- Theatrical release poster
- Directed by: Jason Laurits
- Written by: Jason Laurits
- Produced by: Joshua J. Bagnall; Jason Laurits; Sarah Davie;
- Starring: Rachel Dratch; Jack Plotnick; Sarah Baker; Bryan Batt; Dustin Ingram; Lady Camden;
- Cinematography: Joshua J. Bagnall
- Music by: Ronen Landa
- Release date: June 19, 2026;
- Running time: 95 minutes
- Country: United States
- Language: English

= Loves Company =

2026 American comedy film

Loves Company is a 2026 American comedy film written and directed by Jason Laurits. Starring Rachel Dratch and Jack Plotnick, it is a comic reworking of Misery in which a washed-up television personality is rescued by his only remaining fan. The film screened at Frameline50 in San Francisco and at the 2026 Reeling Film Festival in Chicago.

== Plot ==
Antoinette is a lonely fan of fading star Blake De Troy.
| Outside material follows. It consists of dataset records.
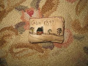 Primitive tiny Sampler Pillow~1849 The Little Cabin On The Hill~ Folk Art
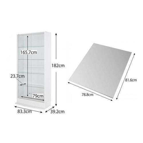 両開きハイタイプ:奥行39cm<製品サイズ>外寸(約):幅83 奥行き39 高さ180cm 幅83 奥行き49 高さ182cm(※ボトムステージを取り付けた場合)内寸(約):上段 幅79 奥行き35.5 高さ81.8cm 下段 幅79 奥行き35.5 高さ81.8cm ガラス棚 幅78.7 奥行き33.7 厚さ0.5cm 6枚 <製品重量>(約)68kg<ガラス可動棚枚数>6枚(1.5cmピッチで調整可能)<耐荷重>ガラス可動棚一枚あたり:5kg<材質>本体:プリント紙化粧繊維板MDF扉:5mm強化ガラス棚板:5mm強化ガラス<梱包サイズ・重量>1/4:46.7 187.7 5.5cm・17kg2/4:62.6 99.7 10cm・17kg3/4:84.7 87.5 5.7cm・23kg4/4:84.7 87.5 5.7cm・23kg<生産国>インドネシア※お客様組立品※LEDモジュールの仕様は下記参照ください。
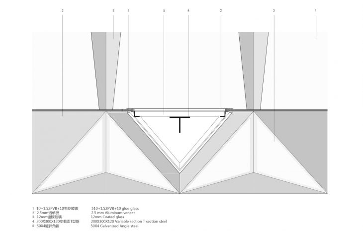 Views of the site are varied. In north and east sides, the straight line of the plan is folded up to the river in the east side, which forms triangular spaces around the margin of the building. to lead the people’s eye is looking forwards the view from Yi river. Every folding unit is 2.1-meter long. So, the scale of it is suitable for two to three persons to have rest and enjoy the awesome view around the building. The east and west sides are folded up perpendicularly to face the river and the urban respectively. Overall, it forms a condition that the fluid facade is relatively more see-through in southeast and more solid in northwest to respond its particular context.
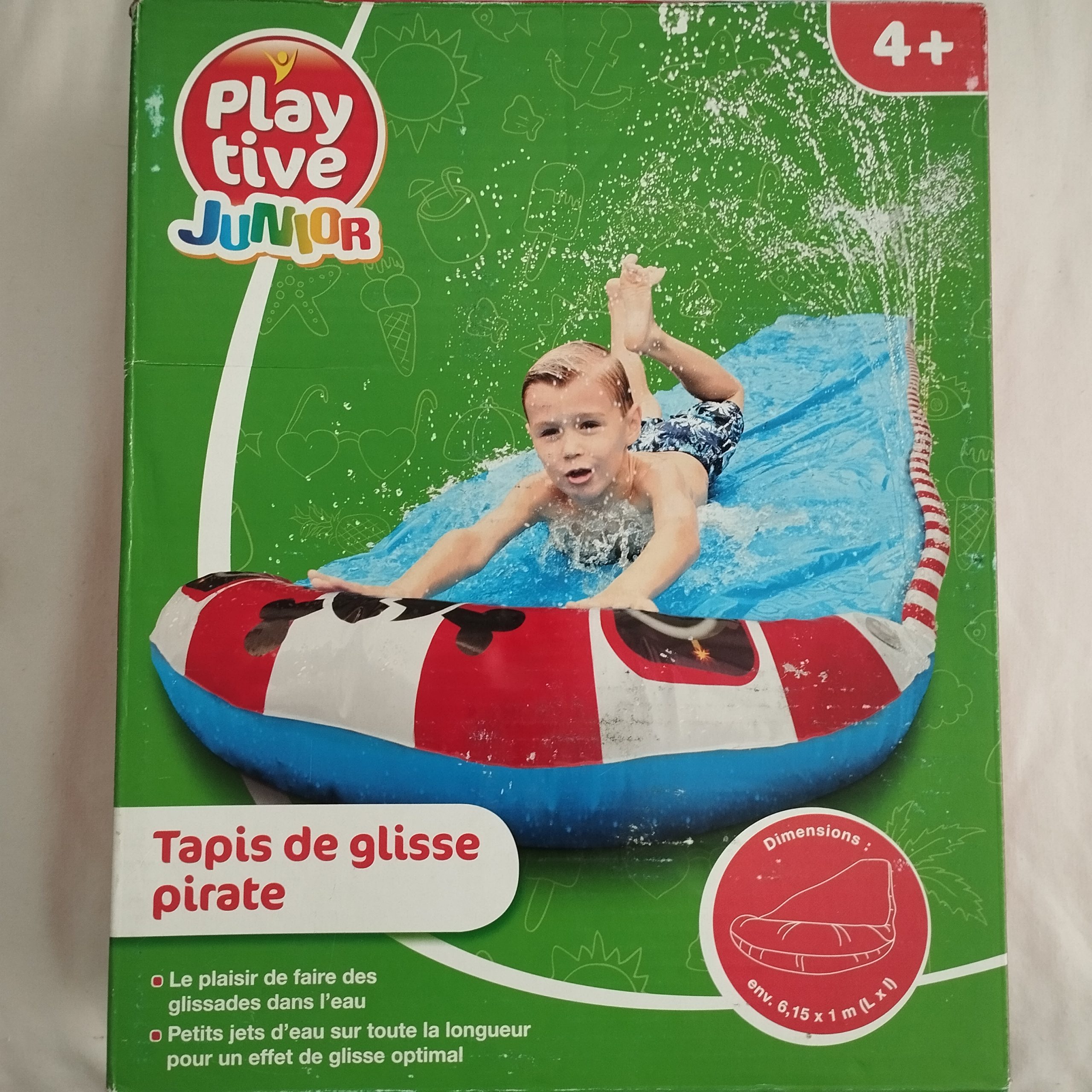 Description: Tapis de glisse Pirate NEUF, ce tapis intègre avec des petits jets d’eau sur toute la longueur pour un effet de glisse optimal: Sensations et amusements garantis. A partir de 4 ans.
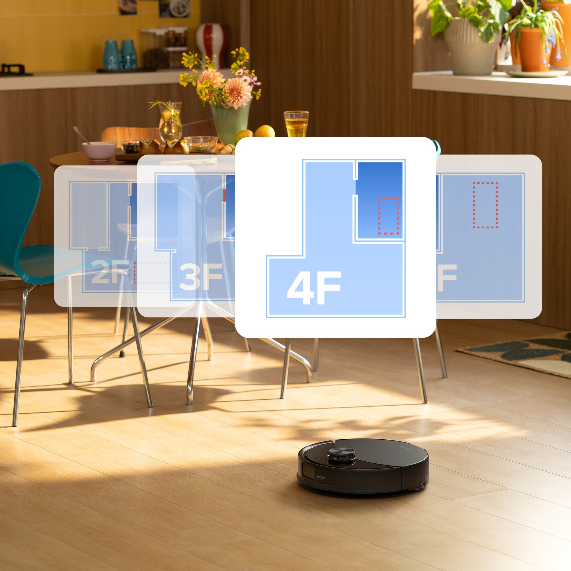 Perfect for homes with more than one floor, the multi-level mapping system automatically recognizes different levels—just place the robot down, and it does the rest. No extra docks, no manual level selection in the app. Supports up to four levels.
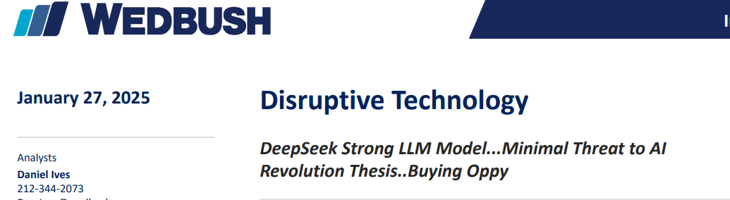 科技股“大多头”Wedbush:DeepSeek的威胁微乎其微,不要恐慌
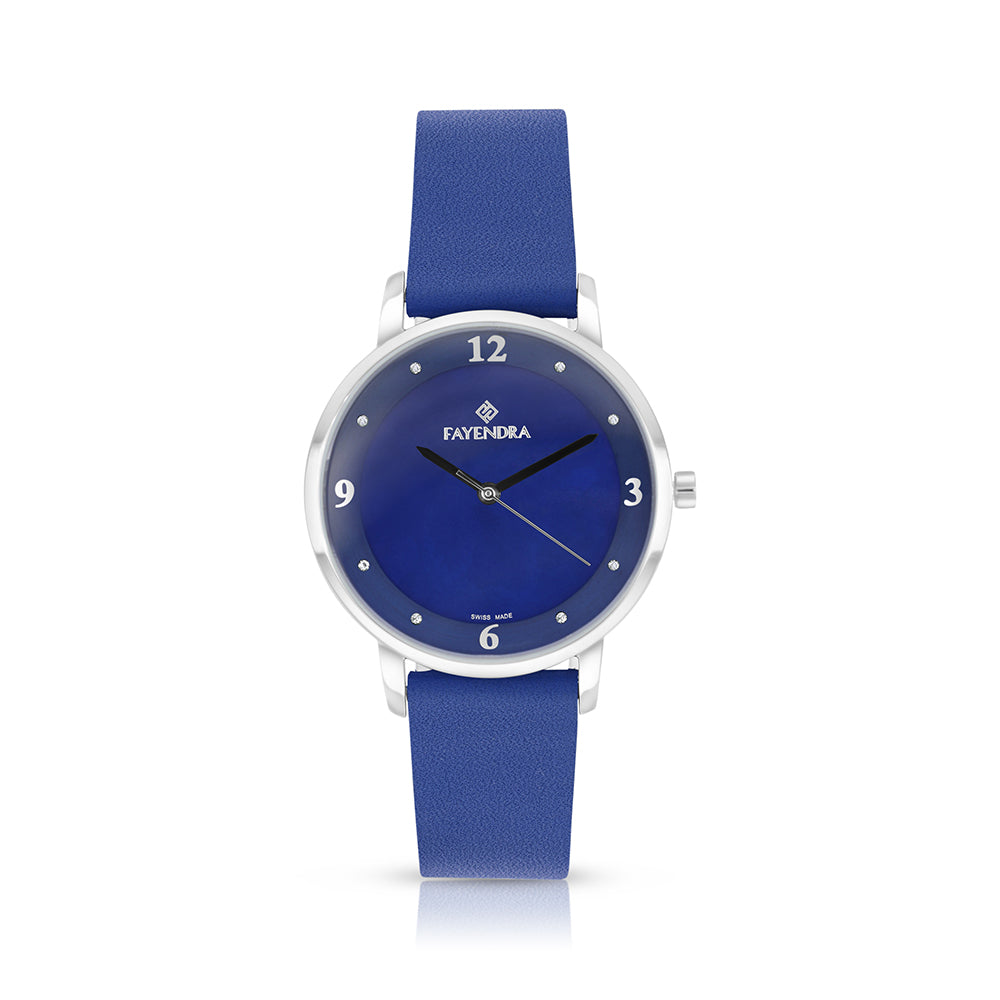 ساعة ستانلس ستيل عيار 316 بلون فضي جلد أزرق - المينا حجر صدف ام اللالئ الازرق
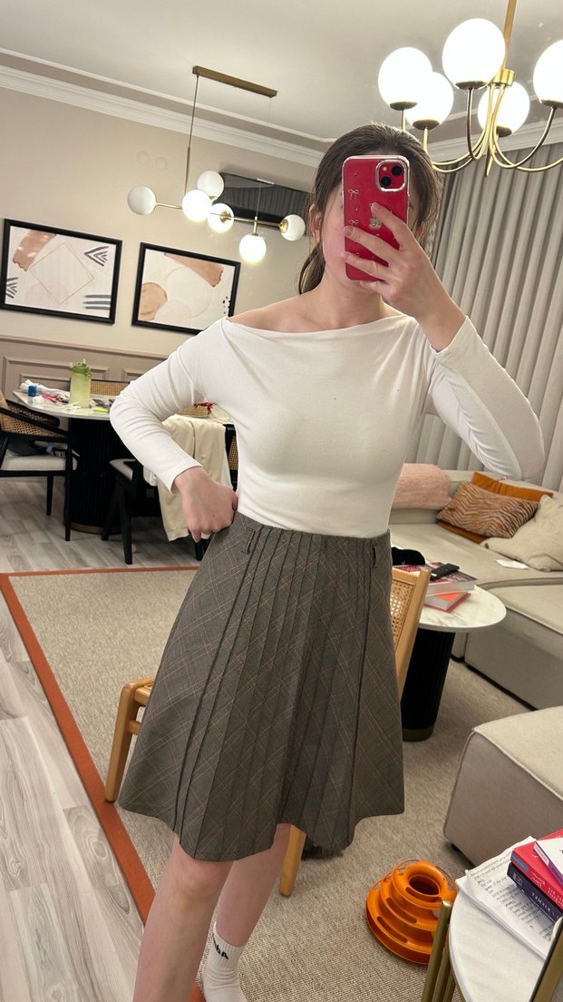 Bej renkli, kumaştan yapılmış, pileli ve bol kesim midi etek. Paris tarzı ve günlük kullanıma uygun.
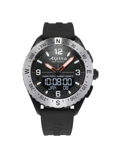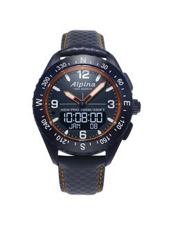 Navy blue with matte finishing and applied white luminous silver indexes, digital screen, orange-coloured matte hands with white luminous treatment.
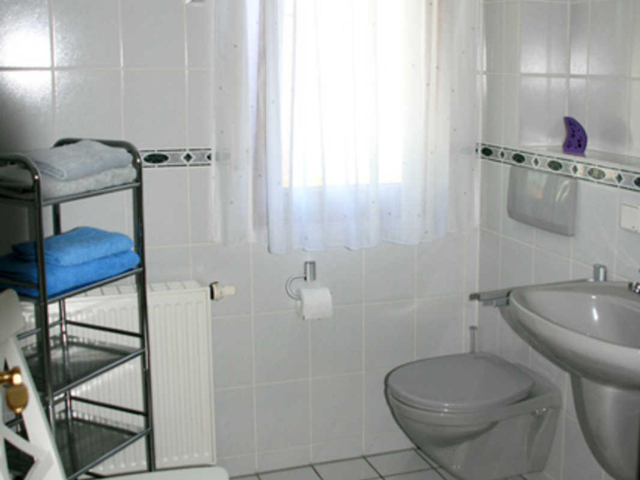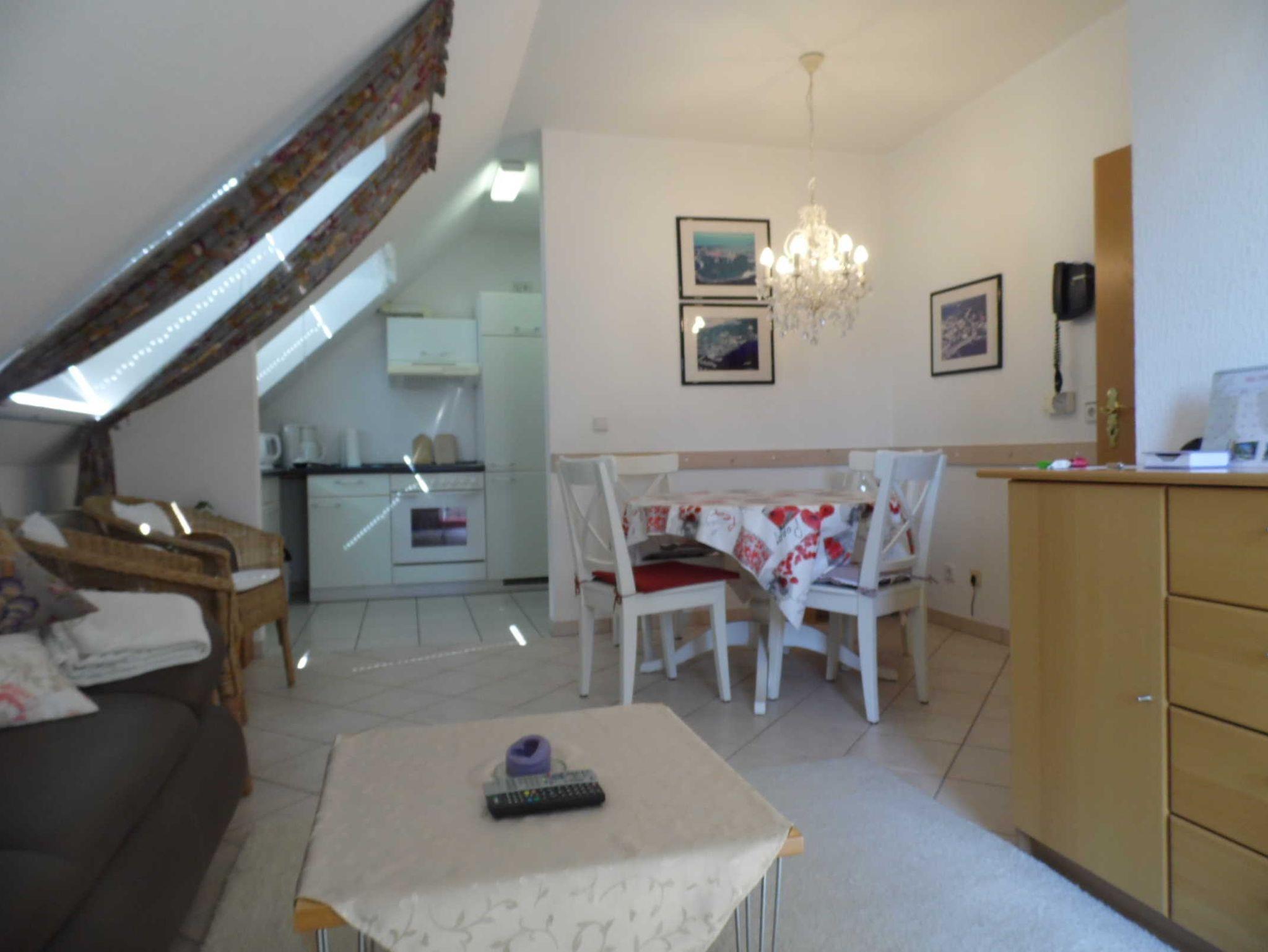 Direkt neben der zum Wohnraum offenen Küche, die mit Backofen, Mikrowelle usw.umfassend ausgestattet ist, befindet sich ein großer Abstellraum. Außerdem gibt es ein Bad mit Dusche/WC und Tageslichtfentenster. Bei Bedarf kann ein kleines Kinderreisebett und ein Hochstuhl für ein Kind bis 3 J. kostenlos bereitgestellt werden. Auf dem zur Ferienwohnung gehörenden, ca. 20 qm großen Balkon (Südostseite) stehen Sitzmöbel, ein Sonnenschirm und ein Grill zur Verfügung. Vom Balkon aus können Sie einen schönen Blick in die ruhige Umgebung genießen.
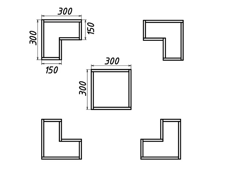 Универсальная секция Смарт 1 представляет собой набор открытых ниш геометрической формы, которые можно сочетать между собой в нескольких положениях.
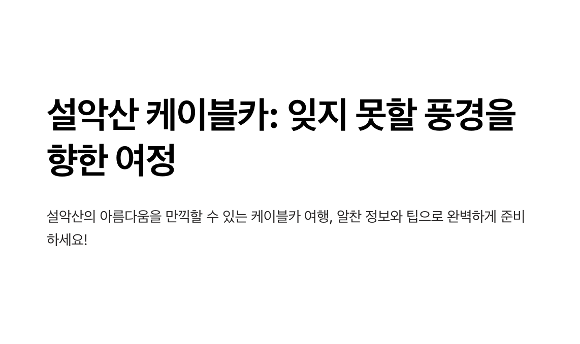 방문 전 운영 시간, 날씨, 준비물을 철저히 확인하고, 케이블카와 함께 설악산의 아름다움을 만끽해보세요.
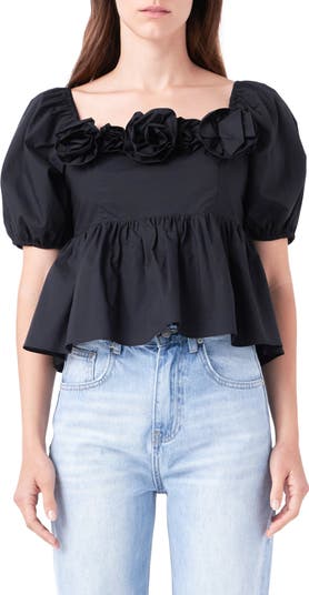 A bunch of blooms romances the square neckline of a cotton poplin top popped with pretty puff sleeves.
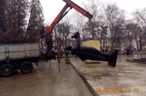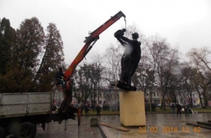 Кто принял решение о сносе памятника неясно. Издание lviv.at.ua называет это эпизодом борьбы с памятниками советской эпохи. Сообщения о сносе памятников Владимиру Ленину за последние дни поступили из десятков городов Украины. С поверженными памятниками обычно обращаются не так бережно: часто Ленина раскалывают на куски и растаскивают на сувениры.
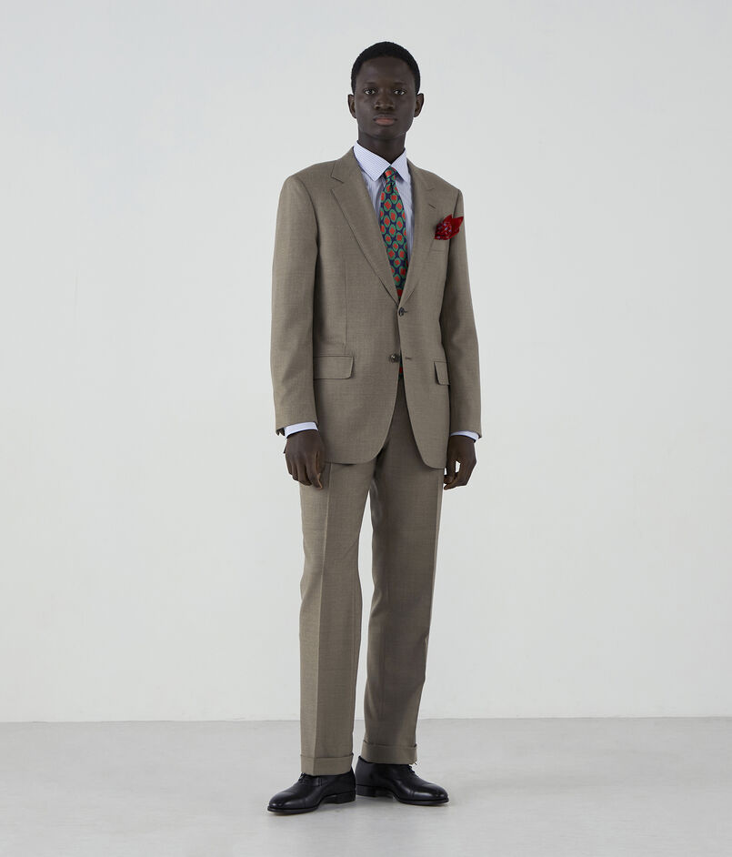 セミノッチラペルが特徴的なシングルブレステッド2ピーススーツ。

After attempts to revitalize his career fall flat, Blake decides to visit his one remaining fan. When his limousine crashes into a swamp, he is rescued by Antoinette. Bruised and believing he has been kidnapped, Blake tries to escape, only to learn that Antoinette is a veterinary technician who is nursing him back to health. When a studio calls with an offer on condition that he becomes topical, Blake hatches a plan to use the "kidnapping" to relaunch his career and go viral.

==Cast==
- Rachel Dratch as Antoinette
- Sarah Baker as Shoney
- Jack Plotnick as Blake De Troy
- Bryan Batt as Jimmy
- Dustin Ingram as Dan
- Brian Stivale as Hollywood Surprise Announcer/Cuddles/Kitty Litter Voice
- Paul Wilson as Don Humphries
- Tristen J. Winger as Tom
- Jeanne Caldarera as Nosey Shopper (credit only)
- Ned Yousef as Simms
- Evan Daigle as Dillon
- Sarai Betsabe as Axl Malone (as Betsy Borrego)
- Brinda Dixit as Game Show Announcer
- Lady Camden as Tyler
- Sarah Davie as Sarah

==Production==
===Filming===
The film was shot in 15 days in and around New Orleans, standing in for the Florida Everglades. After filming, writer and director Jason Laurits decided to move from California to New Orleans.

== Reception ==
Brian Orndorf described the film as a riff on Stephen King's Misery that reverses its central situation, and praised Plotnick and Dratch for "sharp, amusing performances" that enliven the low-budget production. Screen Zealots called the casting "nothing short of perfect", singling out Dratch's broad but sympathetic performance and Plotnick's balance of ego and desperation.